This comparison makes no sense. Regular coffee makers make far less waste and are just as convenient. Hell, I grid my coffee by hand and brew it one cup at a time with one of those conic filters and it still takes only 6-7 minutes.


For a nontrivial number of people, that's probably about five minutes too many. Are you also factoring in the cleanup of your coffee-making accoutrements? That's a few minutes, too. Some people just want their cuppa, with absolutely minimal fuss.

Your metric for what is or isn't convenient isn't necessarily anybody else's, and other people aren't "wrong" for having different metrics than yours. Optimizing for time spent in the process of making the thing is a perfectly cromulent priority.


Cleanup? A regular coffee machine uses disposable filters. The advantage of the k-cup over this is brewing for a single cup of variable size. However this is easily achievable with pourover or "clever dripper" methods, each of which use the filter and thus have little to no cleanup. There's no justification for the cup system at all.


Take that up with the millions of people buying them. I do my own pour-overs in the morning.

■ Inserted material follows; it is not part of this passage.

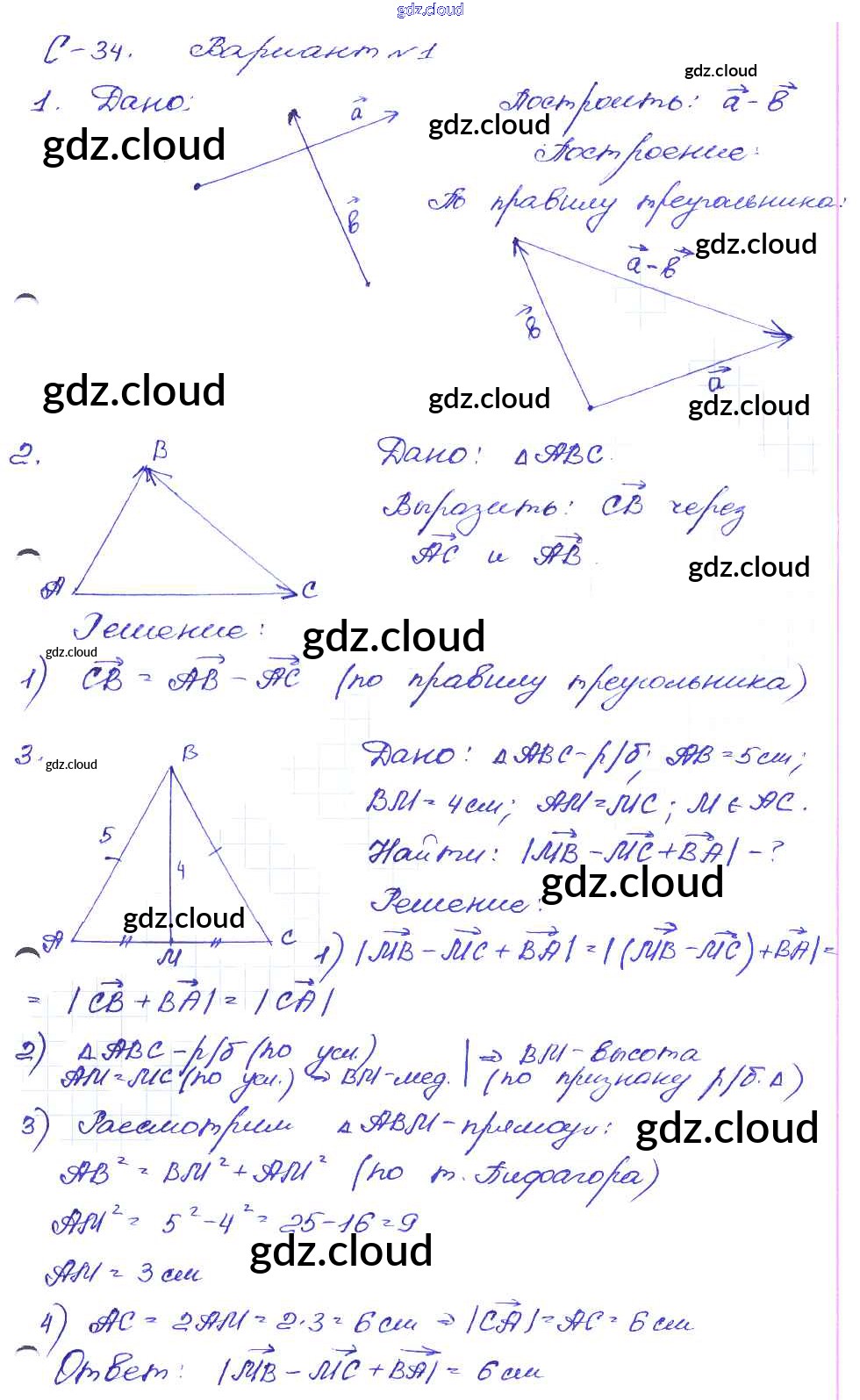 СР №34. Вычитание векторов Ответы к Самостоятельным работам по Геометрии 8 класс Дидактические материалы Зив Просвещение

I just find it endlessly fascinating to watch people extrapolate from their personal preferences, in the face of a demonstrably valuable (in the "it has value to someone" sense — because people are buying the things, which, in a capitalist system is definitive of "having value") to "There's no justification ... at all".


> Take that up with the millions of people buying them. I do my own pour-overs in the morning.

They don't even know the alternatives exist. Marketing is king.

You're misinterpreting the point. It's not quibbling over whether the customer values the product, that's self-evident. It's "not justifiable" in the ethical sense in light of environmental impact and the alternatives available. People just don't know.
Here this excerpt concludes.